Your objective: When you reach the line below that has "たとえば、子Aが祖父から60", start returning lines exactly, and stop after the line that has "Đồng chí Đại"; skip the pictures.

Stored data entries
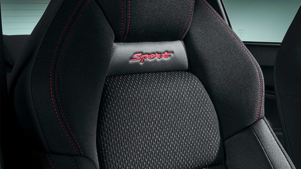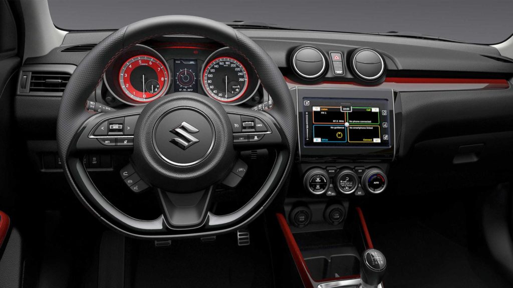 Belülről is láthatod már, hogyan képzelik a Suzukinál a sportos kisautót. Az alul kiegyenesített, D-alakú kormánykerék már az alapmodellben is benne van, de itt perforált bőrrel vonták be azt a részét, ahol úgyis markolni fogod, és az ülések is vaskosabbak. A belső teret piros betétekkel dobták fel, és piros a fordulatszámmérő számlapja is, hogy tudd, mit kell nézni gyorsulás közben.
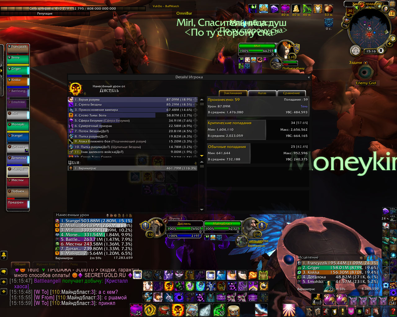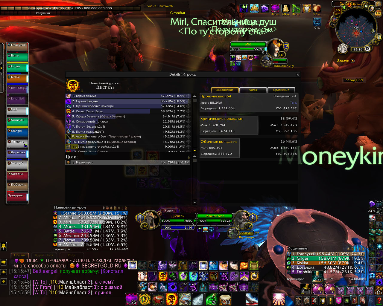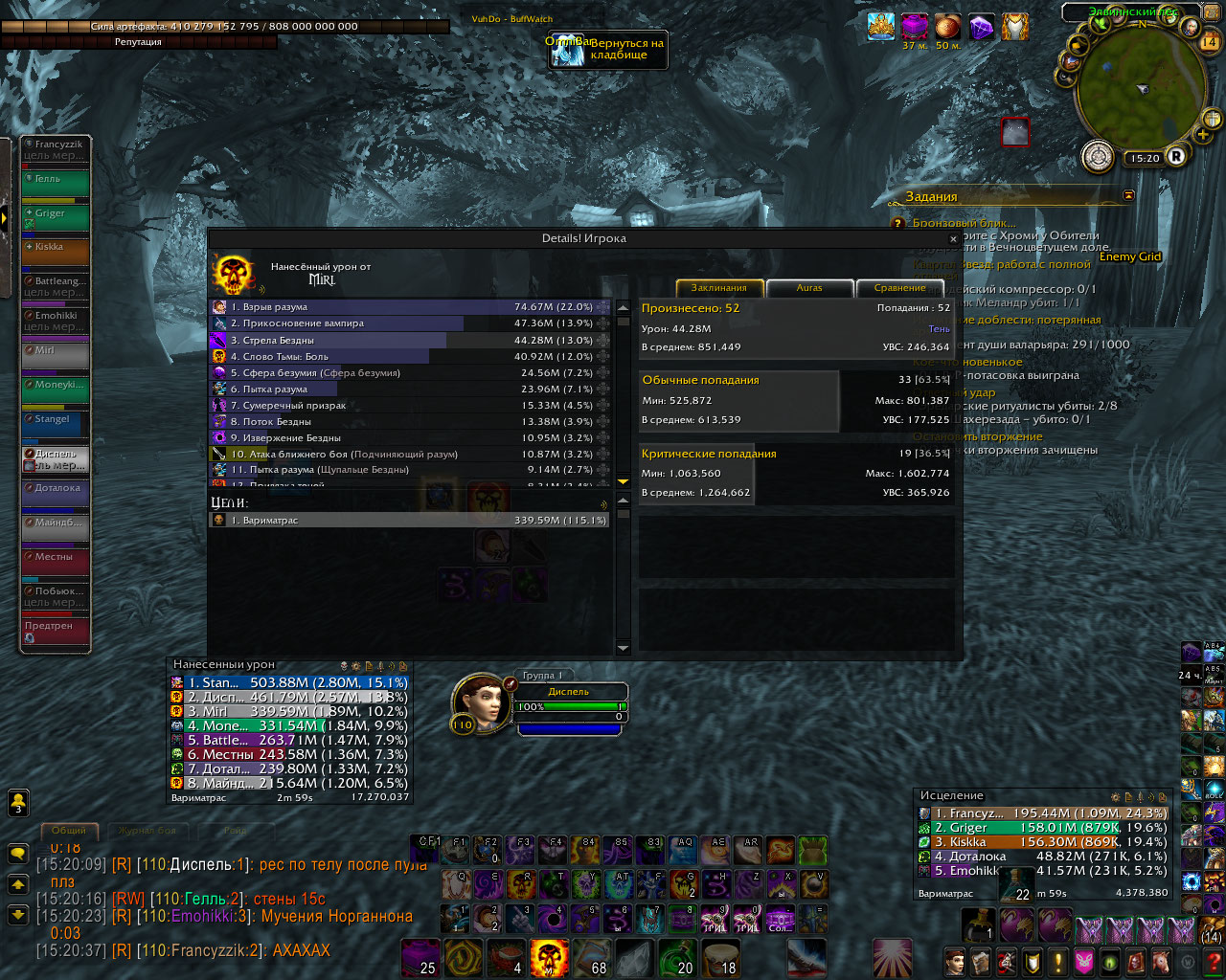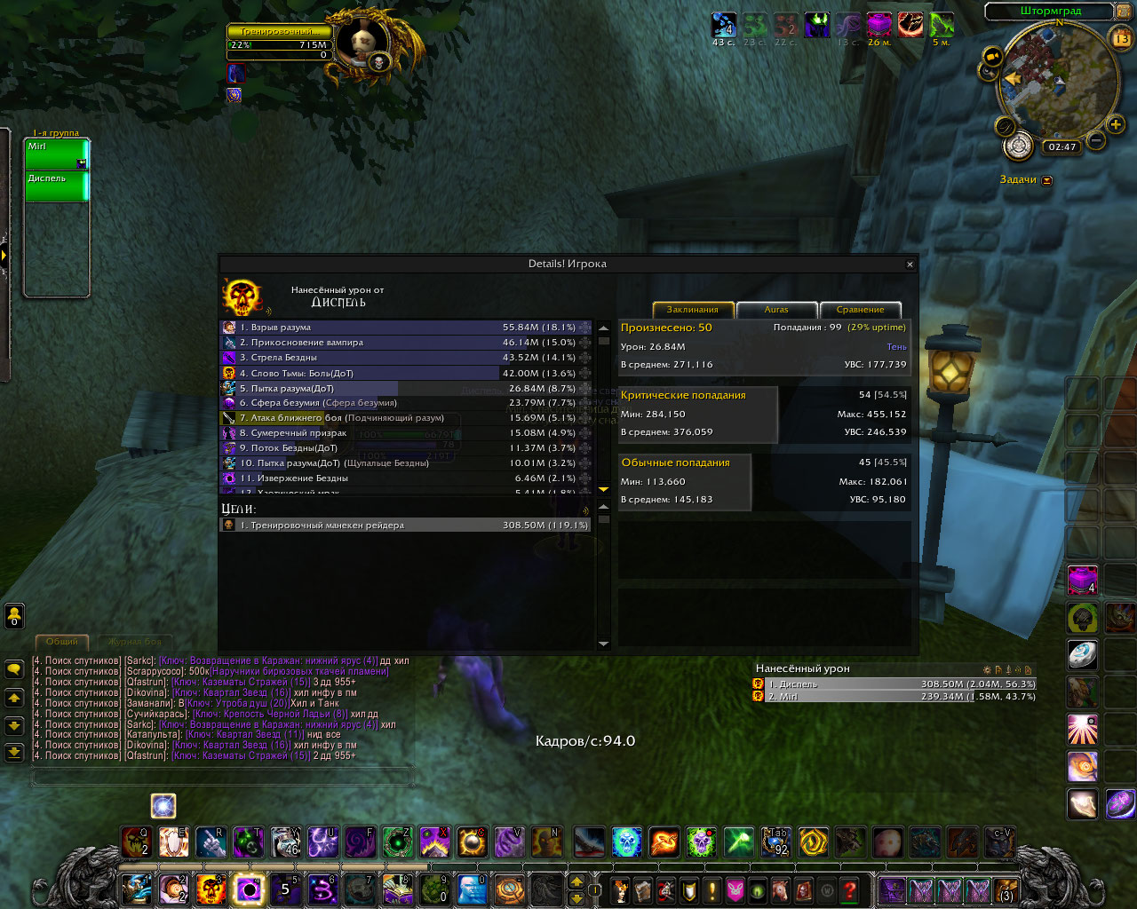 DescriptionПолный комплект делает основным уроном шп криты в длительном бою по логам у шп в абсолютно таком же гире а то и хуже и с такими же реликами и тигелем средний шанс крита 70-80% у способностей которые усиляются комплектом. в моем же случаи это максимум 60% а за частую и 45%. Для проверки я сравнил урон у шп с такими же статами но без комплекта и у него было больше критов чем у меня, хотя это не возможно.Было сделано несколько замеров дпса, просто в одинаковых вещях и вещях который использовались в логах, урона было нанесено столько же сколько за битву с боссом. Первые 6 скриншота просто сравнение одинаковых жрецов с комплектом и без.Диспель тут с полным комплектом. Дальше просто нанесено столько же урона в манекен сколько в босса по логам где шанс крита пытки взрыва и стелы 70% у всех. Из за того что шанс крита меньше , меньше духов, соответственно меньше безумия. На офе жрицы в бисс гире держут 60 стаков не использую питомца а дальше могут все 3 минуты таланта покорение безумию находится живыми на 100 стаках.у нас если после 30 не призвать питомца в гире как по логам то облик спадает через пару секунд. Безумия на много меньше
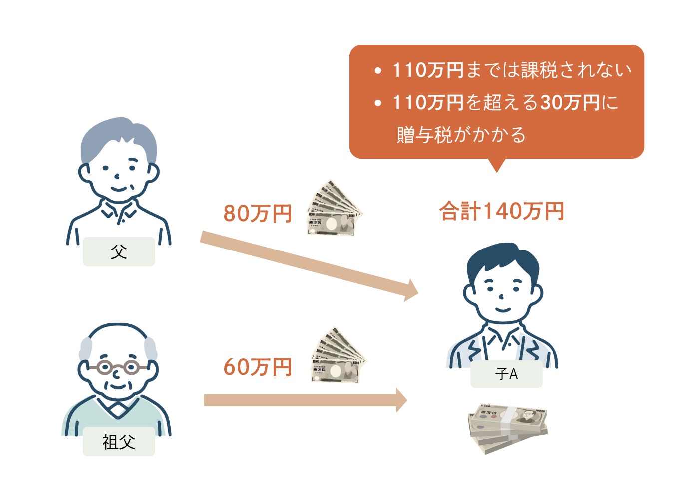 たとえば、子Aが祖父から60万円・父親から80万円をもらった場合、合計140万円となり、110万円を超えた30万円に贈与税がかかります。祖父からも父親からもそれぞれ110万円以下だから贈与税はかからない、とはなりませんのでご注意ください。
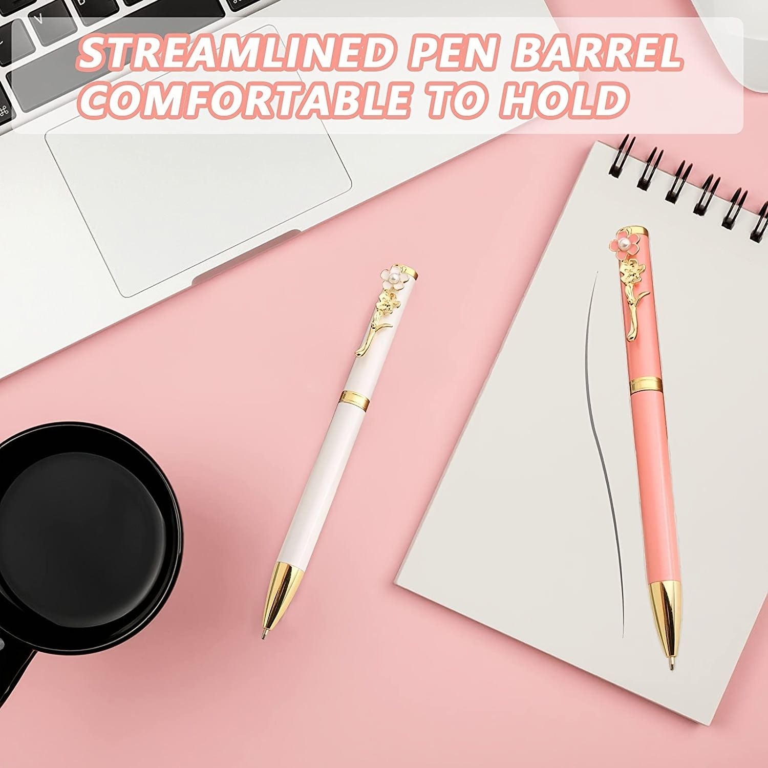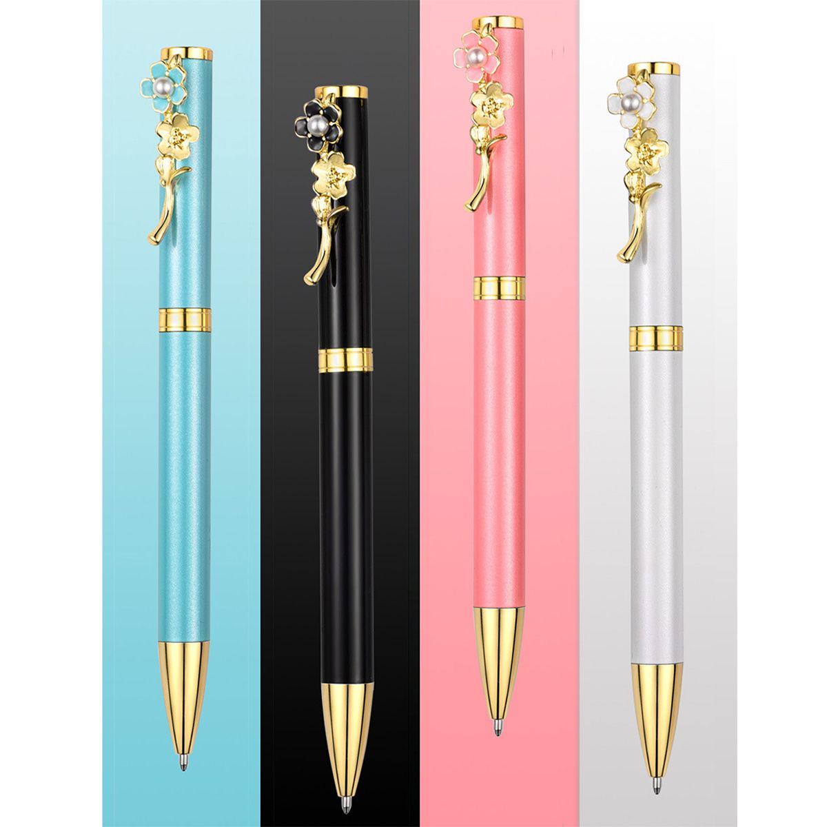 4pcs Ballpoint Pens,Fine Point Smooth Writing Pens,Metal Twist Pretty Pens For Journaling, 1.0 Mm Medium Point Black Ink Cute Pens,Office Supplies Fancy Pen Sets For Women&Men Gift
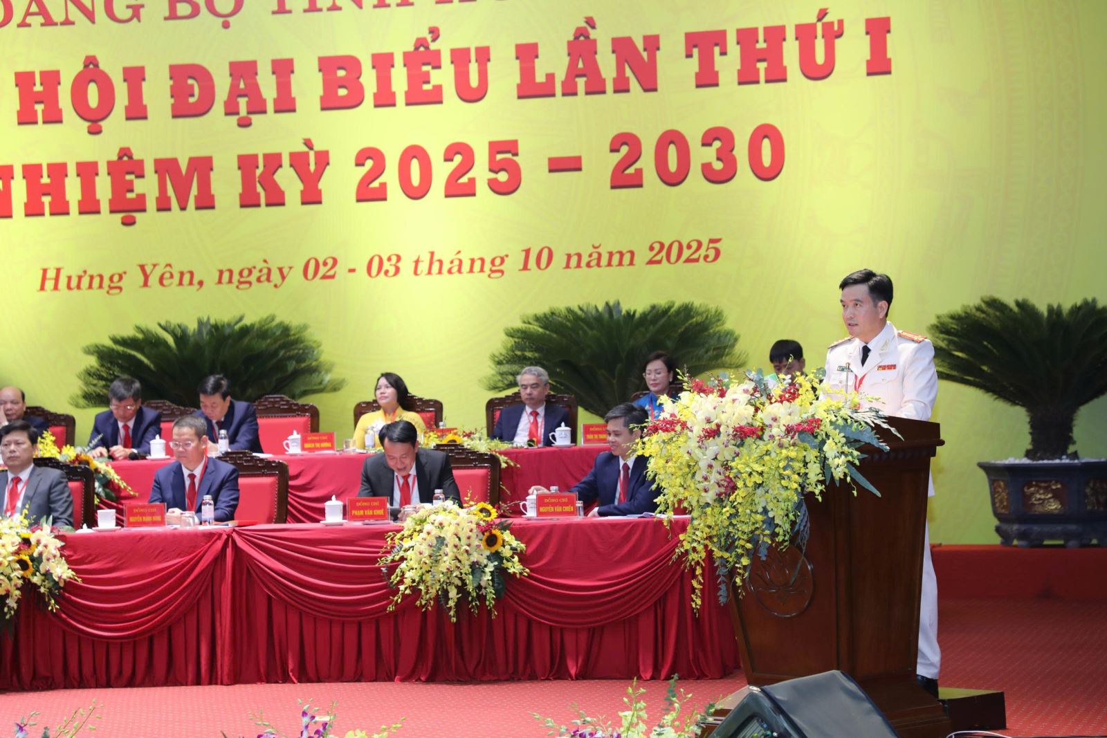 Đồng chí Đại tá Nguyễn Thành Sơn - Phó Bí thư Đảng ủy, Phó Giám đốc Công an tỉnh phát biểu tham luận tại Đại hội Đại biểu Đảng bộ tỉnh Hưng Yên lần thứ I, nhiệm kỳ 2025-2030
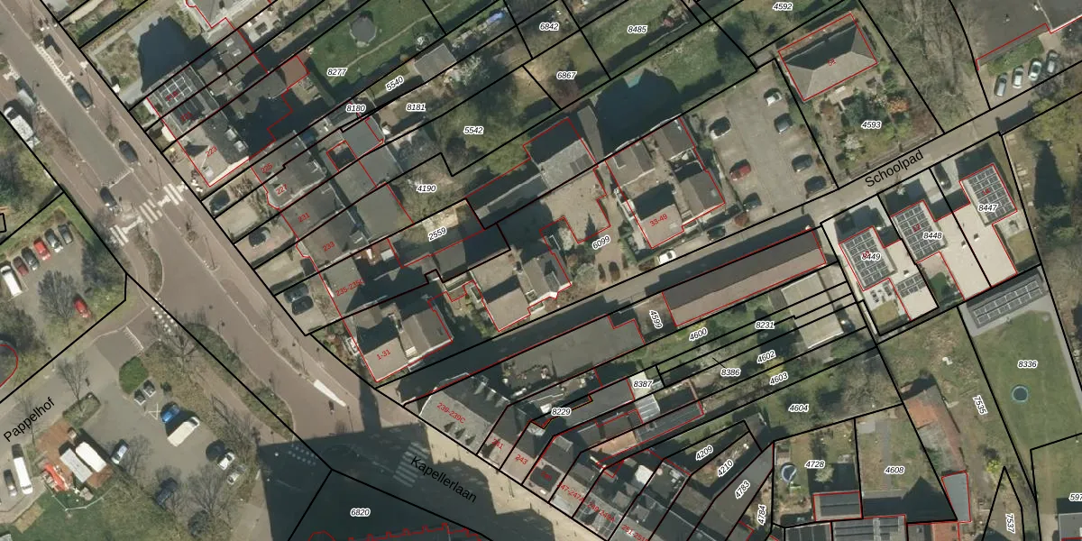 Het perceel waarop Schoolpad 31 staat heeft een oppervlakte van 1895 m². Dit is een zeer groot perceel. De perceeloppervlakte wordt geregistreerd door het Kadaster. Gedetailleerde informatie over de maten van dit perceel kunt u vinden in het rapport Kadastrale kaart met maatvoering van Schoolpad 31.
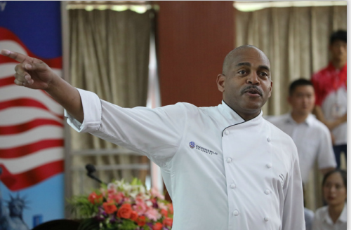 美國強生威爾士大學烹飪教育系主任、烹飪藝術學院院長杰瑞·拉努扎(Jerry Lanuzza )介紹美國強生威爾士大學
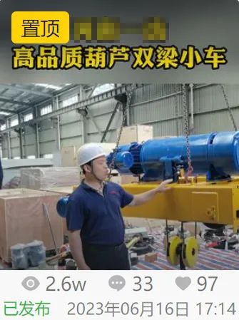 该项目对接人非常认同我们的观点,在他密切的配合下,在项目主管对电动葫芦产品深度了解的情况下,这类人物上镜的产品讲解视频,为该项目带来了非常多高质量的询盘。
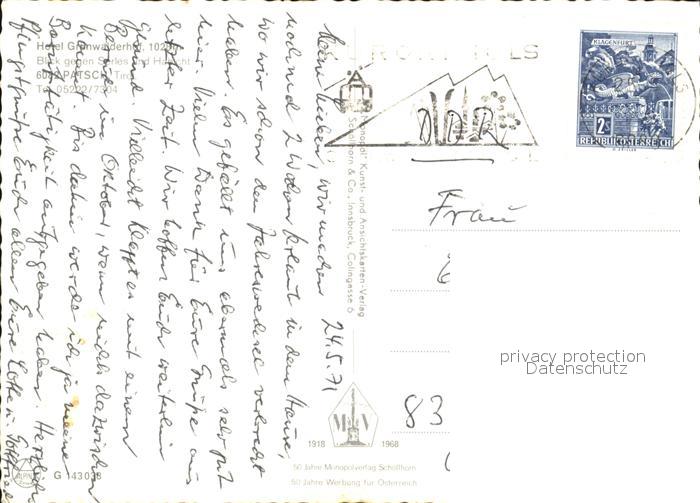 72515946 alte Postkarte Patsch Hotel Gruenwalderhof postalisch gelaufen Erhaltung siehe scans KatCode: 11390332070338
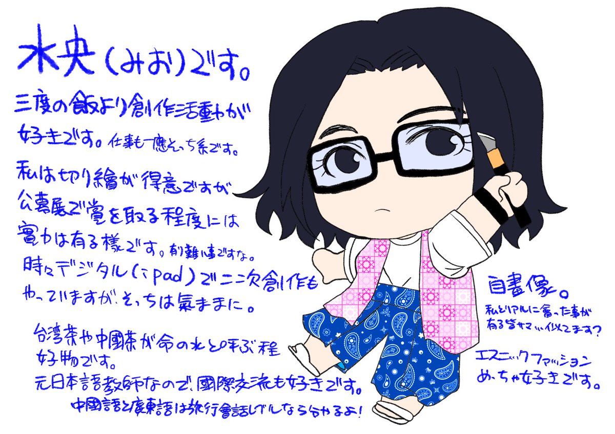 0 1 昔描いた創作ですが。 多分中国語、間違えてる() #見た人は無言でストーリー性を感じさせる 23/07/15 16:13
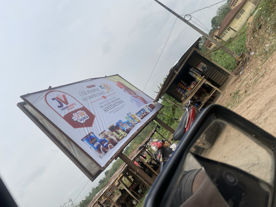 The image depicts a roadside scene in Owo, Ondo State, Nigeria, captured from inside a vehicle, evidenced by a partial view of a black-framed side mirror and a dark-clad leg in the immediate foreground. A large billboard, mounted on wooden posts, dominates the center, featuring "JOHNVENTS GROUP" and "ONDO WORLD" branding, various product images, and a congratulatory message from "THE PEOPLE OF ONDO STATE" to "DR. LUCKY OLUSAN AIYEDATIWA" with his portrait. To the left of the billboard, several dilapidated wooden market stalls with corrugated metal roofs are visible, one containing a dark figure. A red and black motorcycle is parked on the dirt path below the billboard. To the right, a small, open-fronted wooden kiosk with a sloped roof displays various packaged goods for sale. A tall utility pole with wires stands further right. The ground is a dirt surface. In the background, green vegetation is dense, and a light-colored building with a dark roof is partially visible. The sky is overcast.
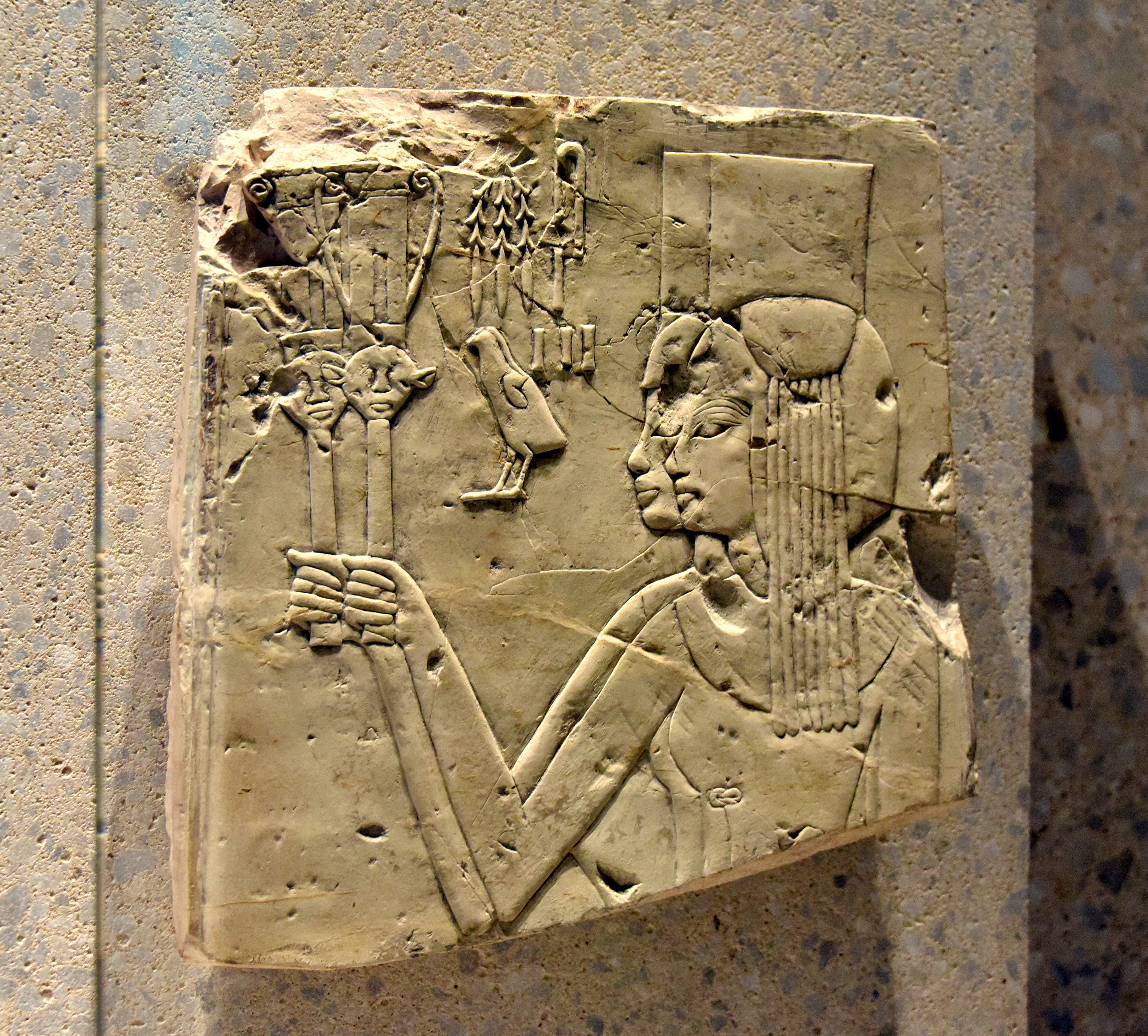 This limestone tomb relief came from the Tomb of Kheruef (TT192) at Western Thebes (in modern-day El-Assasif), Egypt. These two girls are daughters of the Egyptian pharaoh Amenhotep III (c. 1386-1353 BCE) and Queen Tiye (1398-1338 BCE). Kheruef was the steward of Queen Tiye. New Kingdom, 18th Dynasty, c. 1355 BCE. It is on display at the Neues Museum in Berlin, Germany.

Response area:
 たとえば、子Aが祖父から60万円・父親から80万円をもらった場合、合計140万円となり、110万円を超えた30万円に贈与税がかかります。祖父からも父親からもそれぞれ110万円以下だから贈与税はかからない、とはなりませんのでご注意ください。
 4pcs Ballpoint Pens,Fine Point Smooth Writing Pens,Metal Twist Pretty Pens For Journaling, 1.0 Mm Medium Point Black Ink Cute Pens,Office Supplies Fancy Pen Sets For Women&Men Gift
 Đồng chí Đại tá Nguyễn Thành Sơn - Phó Bí thư Đảng ủy, Phó Giám đốc Công an tỉnh phát biểu tham luận tại Đại hội Đại biểu Đảng bộ tỉnh Hưng Yên lần thứ I, nhiệm kỳ 2025-2030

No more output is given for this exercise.